Illinois Makes Muhammad Ali’s Birthday A School Holiday
Governor Pritzker signed legislation on Thursday that included a bill to add the January 17th birthday of Muhammad Ali to the list of commemorative school holidays in Illinois.
Before you say "Great, just what we need, another day off from school," I have to point out that a commemorative school holiday is not a day off from school. Commemorative school holidays recognize patriotic, civic, cultural, or historic persons on regular school days.
Thinking back to when I was a kid in school, my dad often complained that instead of staying in school and learning about a famous person who had a holiday named after them, kids would be given the day off instead. I believe that Christmas Day was the one day of the year that he was cool with me being home from school. He wasn't even keen on weekends.
Illinois Senate Bill 564 (SB0564), in addition to making Muhammad Ali's birthday a commemorative school holiday, "requires history courses to include the study of the contributions made by Americans of different faith practices, including, but not limited to, Muslim Americans, Jewish Americans, Christian Americans, Hindu Americans, Sikh Americans, Buddhist Americans, and any other community of faith that has shaped America."
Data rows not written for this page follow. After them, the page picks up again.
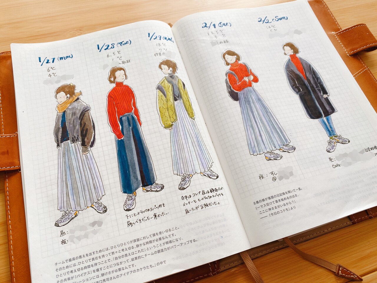 一週間で外出した日の服装と気温、行ったお店を書きつけておくという「着た服メモ」、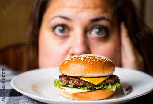 Fat and obese hungry woman is looking on tasty hamburger on a plate. Overweight, obesity and dieting concept.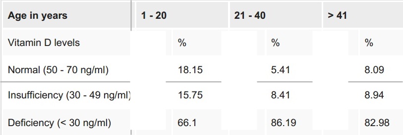 "The cut-off levels of vitamin D level are divided into the following ranges: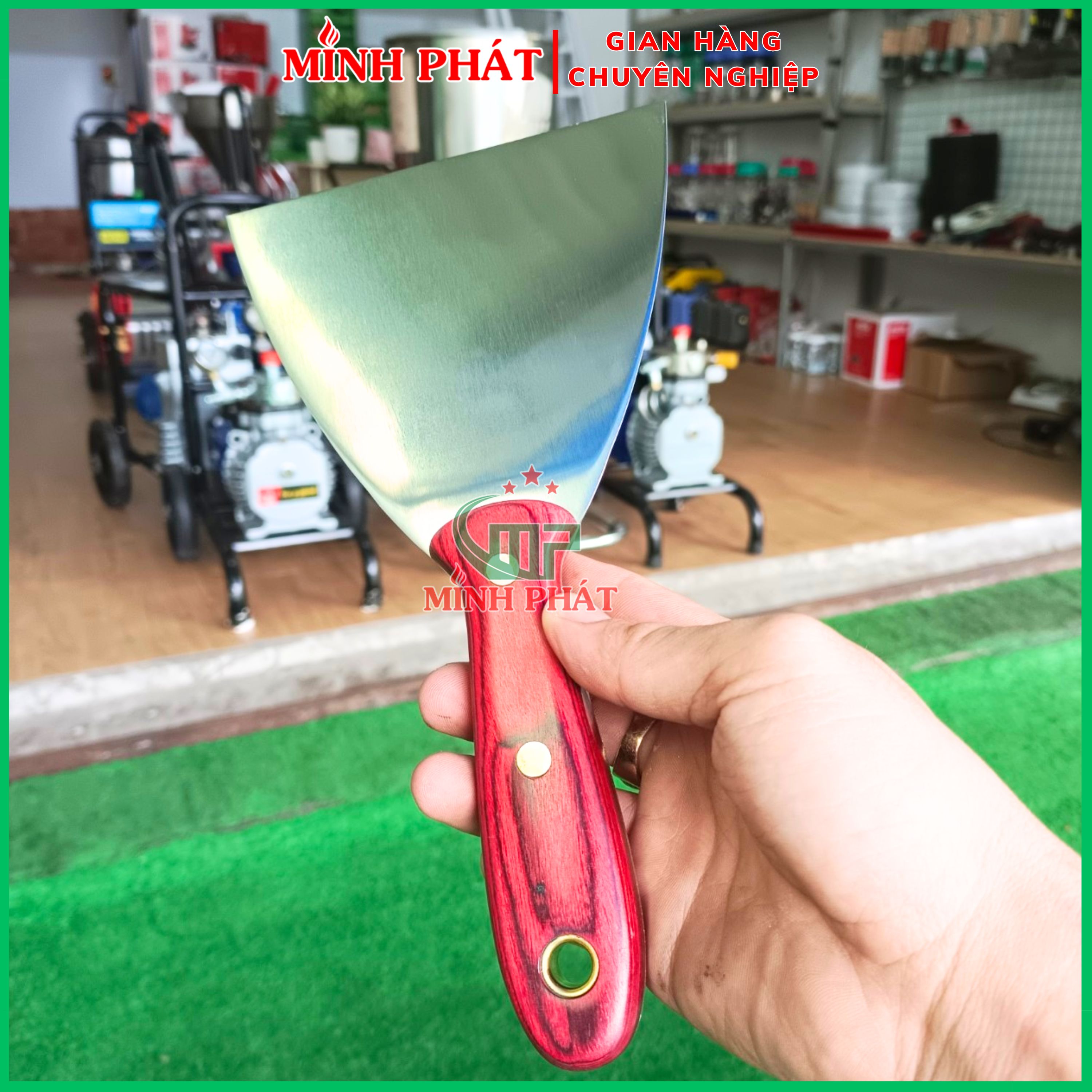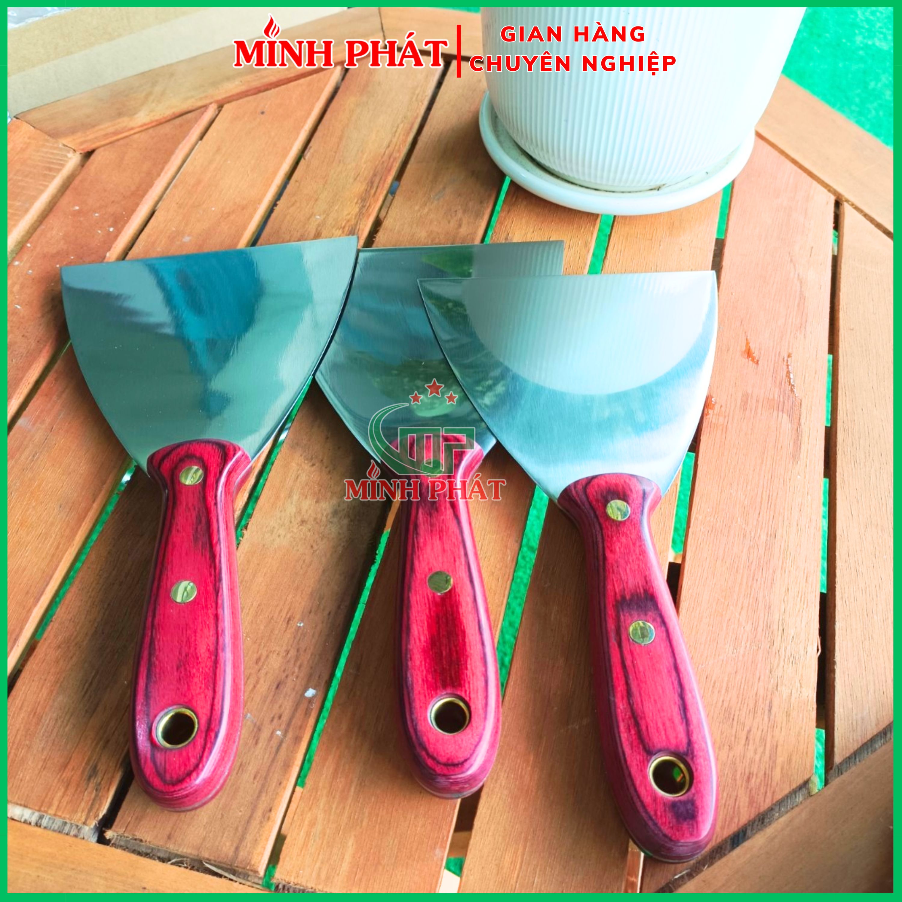 Cây xủi bột trét 12.5cm Minh Phát với lưỡi inox 201 đàn hồi cao + cán gỗ nguyên khối, là lựa chọn lý tưởng cho mọi công đoạn thi công bột trét và sửa lỗi bề mặt tường.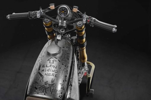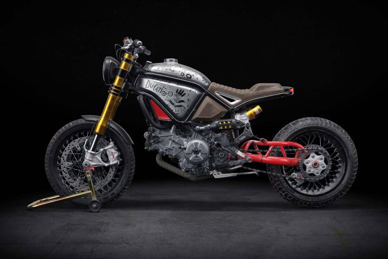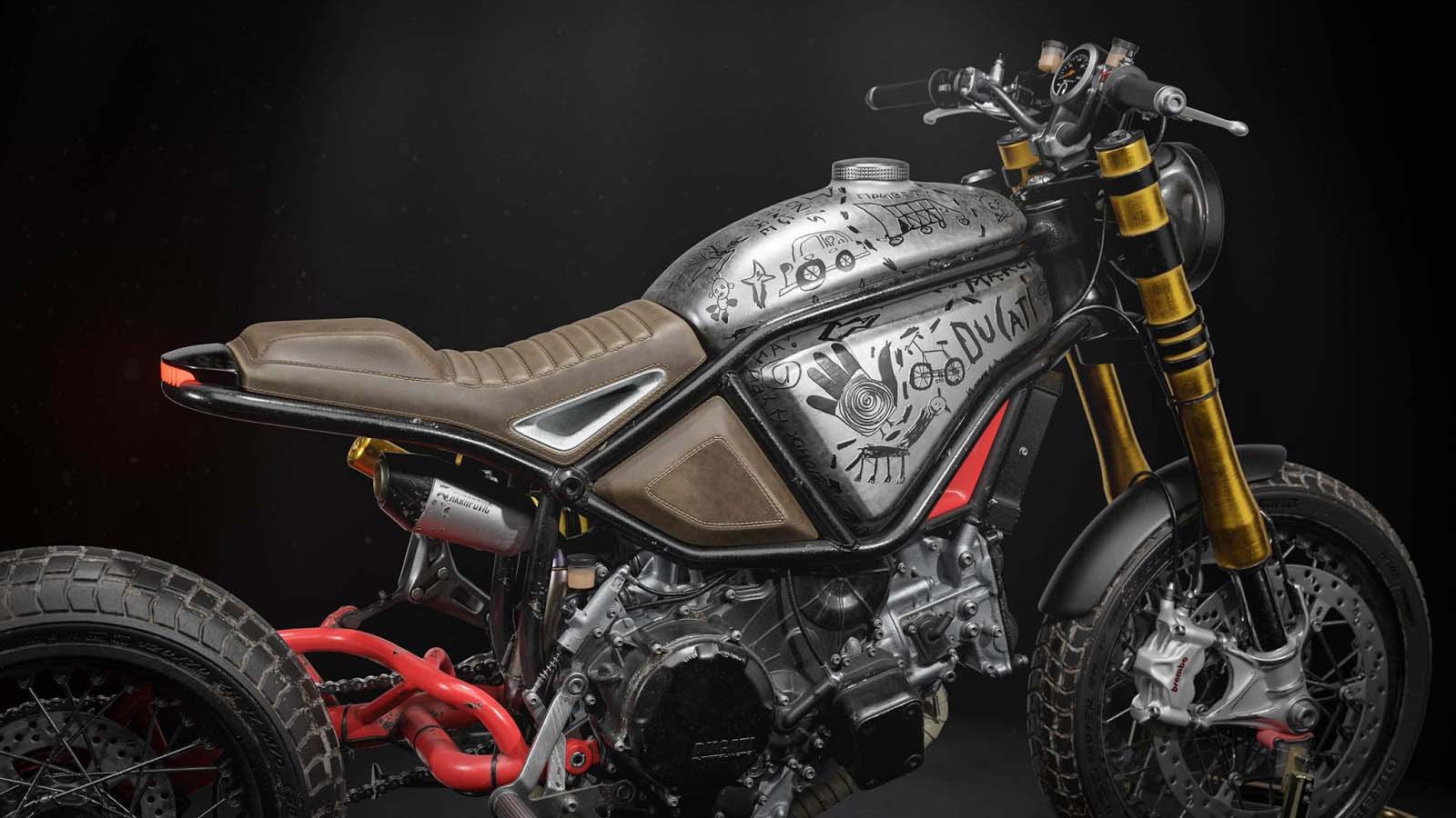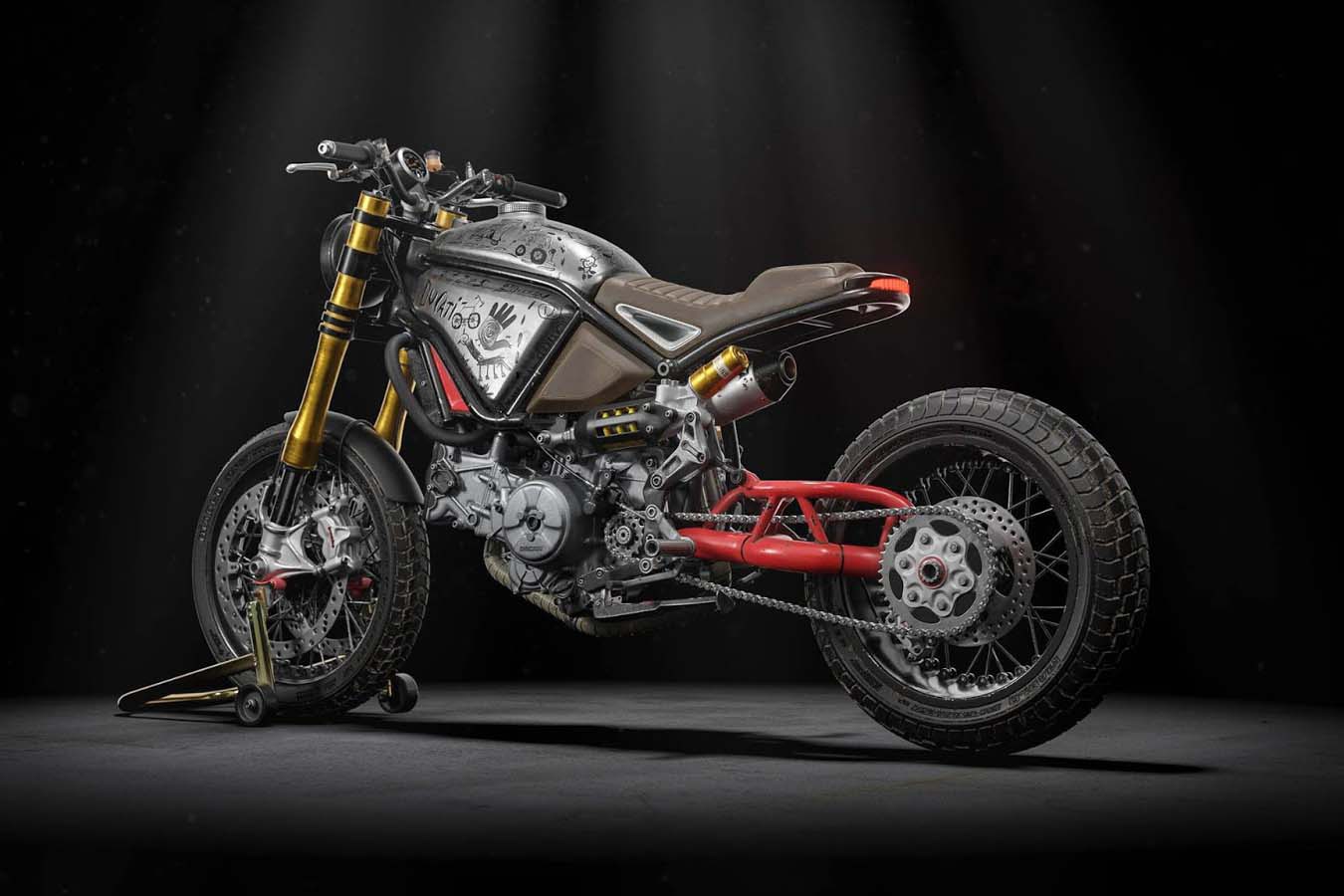 Για να δημιουργήσει το Naughty Quadro, ο Afanasyev πήρε τον κινητήρα του Panigale, Superquadro, και “έχτισε” γύρω του ένα ελκυστικό και μοντέρνο σώματος, θυμίζει πολύ το Scrambler. Το ψαλίδι του είναι απο Ducati Monster S2R 1000.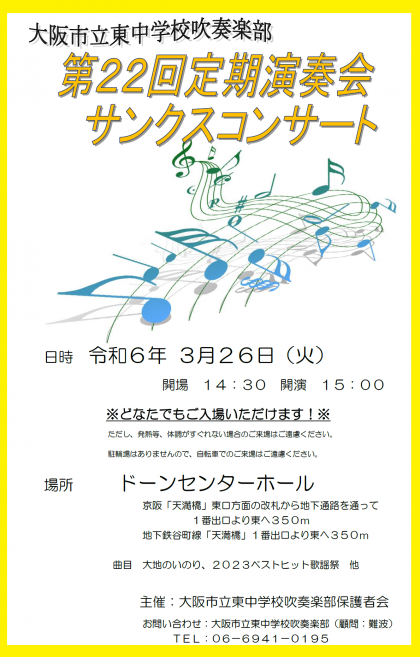さて、3月26日(火)午後に行う定期演奏会サンクスコンサートのお知らせを再掲します。平日の午後の開催ですが、お時間がありましたら、会場のドーンセンターで、東中サウンドをお楽しみください。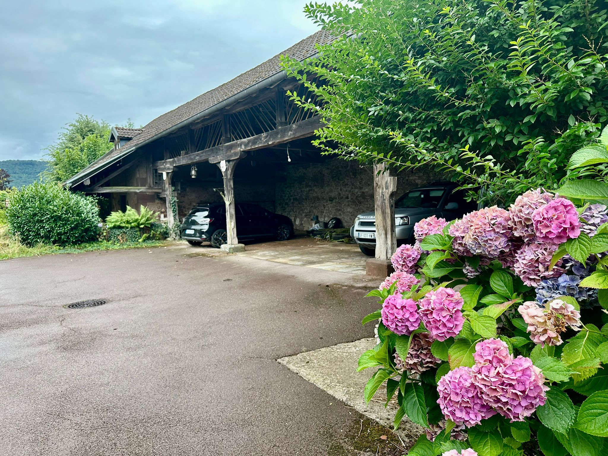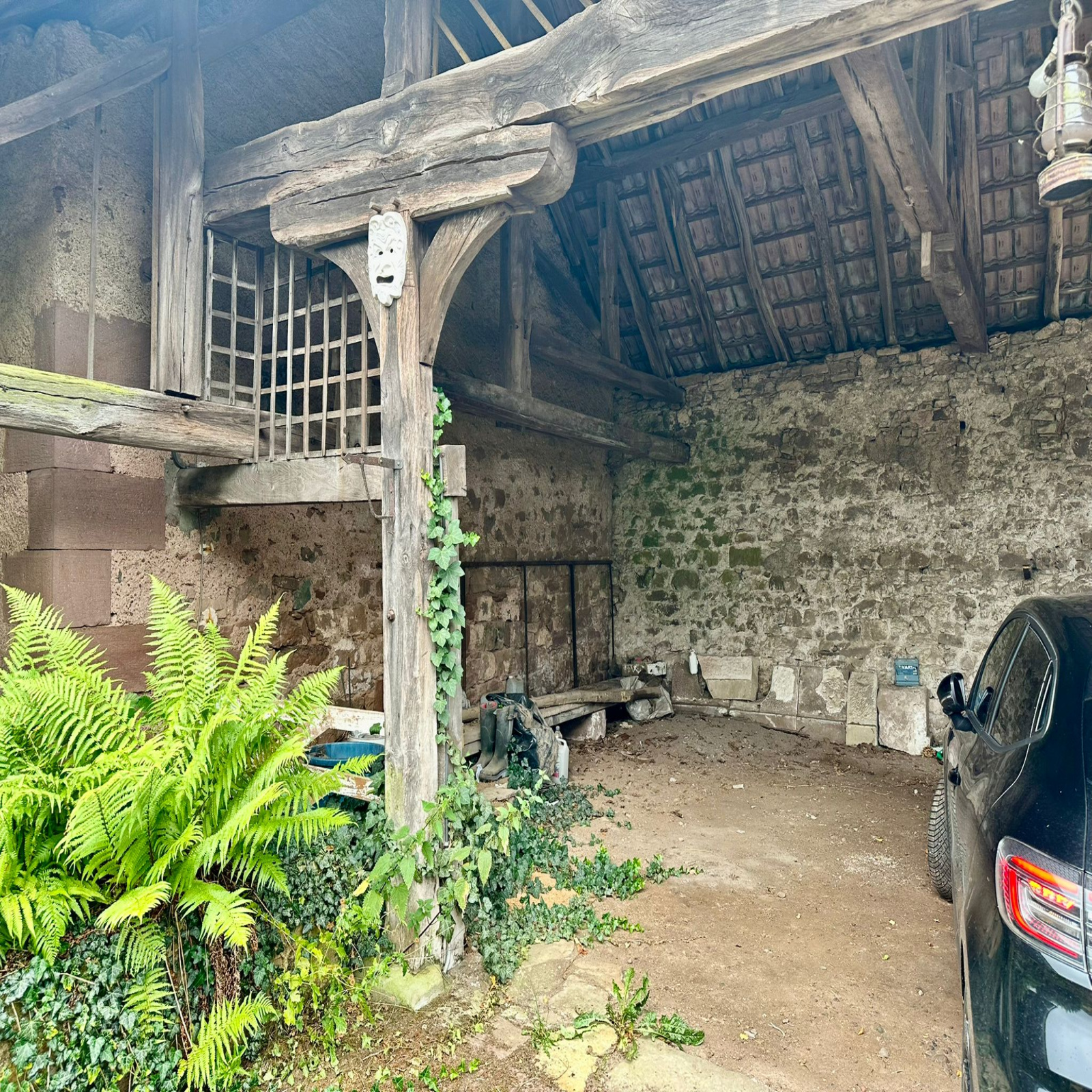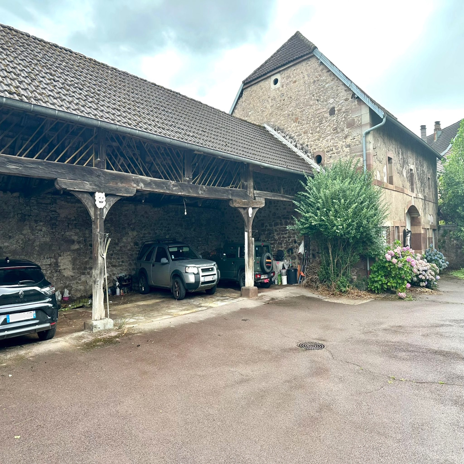 Grange avec 2 écuries. Appentis fermé pouvant accueillir 5 véhicules côte à côte.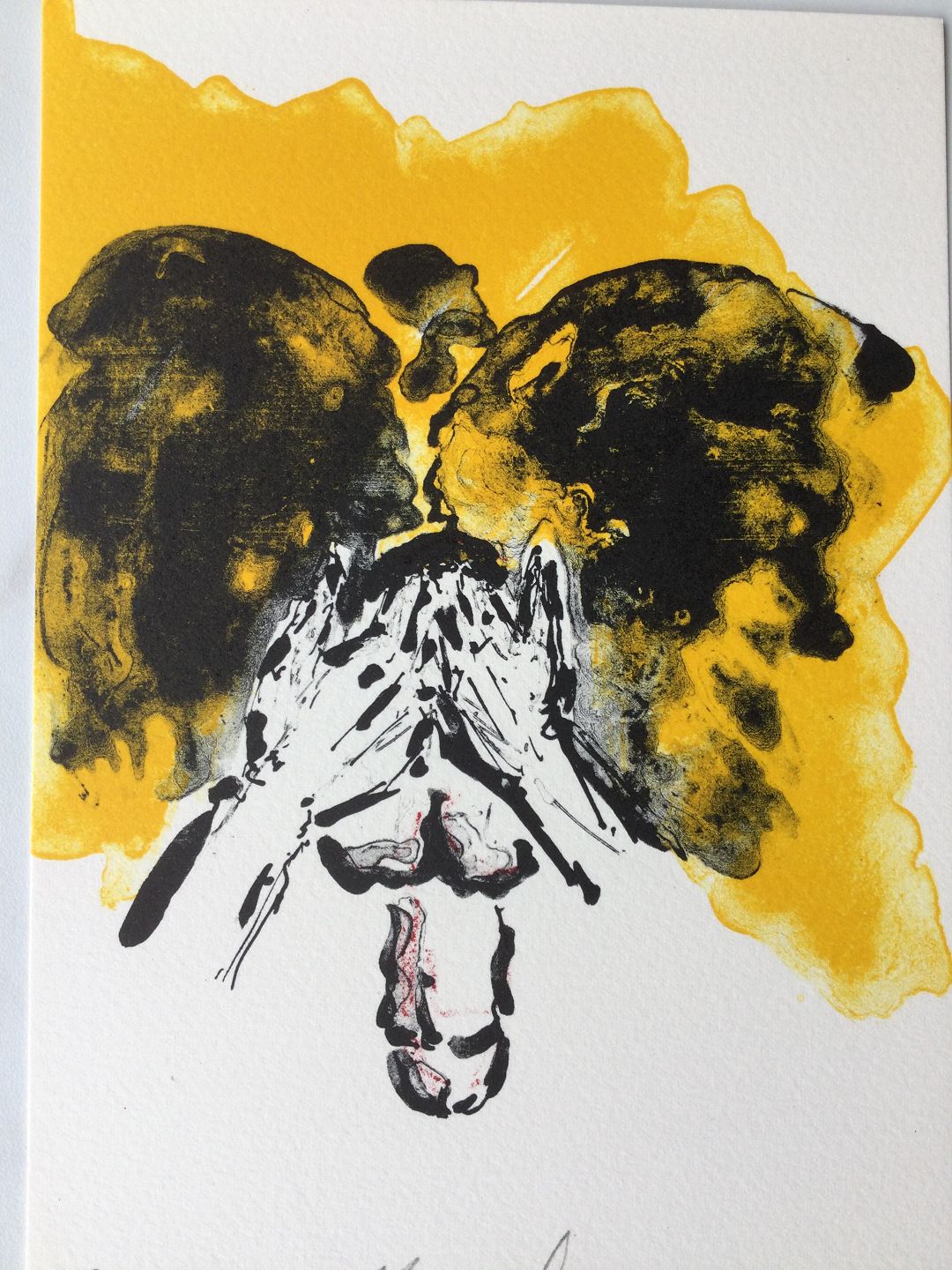 Farvelitografi af Frans Kannik 1998 - Erotisk komposition med fallos.

There is absolutely no shortage of interesting information about Muhammad Ali available, as I found when doing some research for this post. Many of the "fun facts" about Ali are pretty well known, but I learned something new this morning, and it might be my favorite Muhammad Ali fact. It's about how he became a fighter to begin with, back when he was a kid named Cassius Clay.
When the 12-year-old Clay’s beloved bicycle was stolen in October 1954, he reported the theft to Louisville, Kentucky, police officer Joe Martin and vowed to pummel the culprit. Martin, who was also a boxing trainer, suggested that the upset youngster first learn how to fight, and he took Clay under his wing. Six weeks later, Clay won his first bout in a split decision.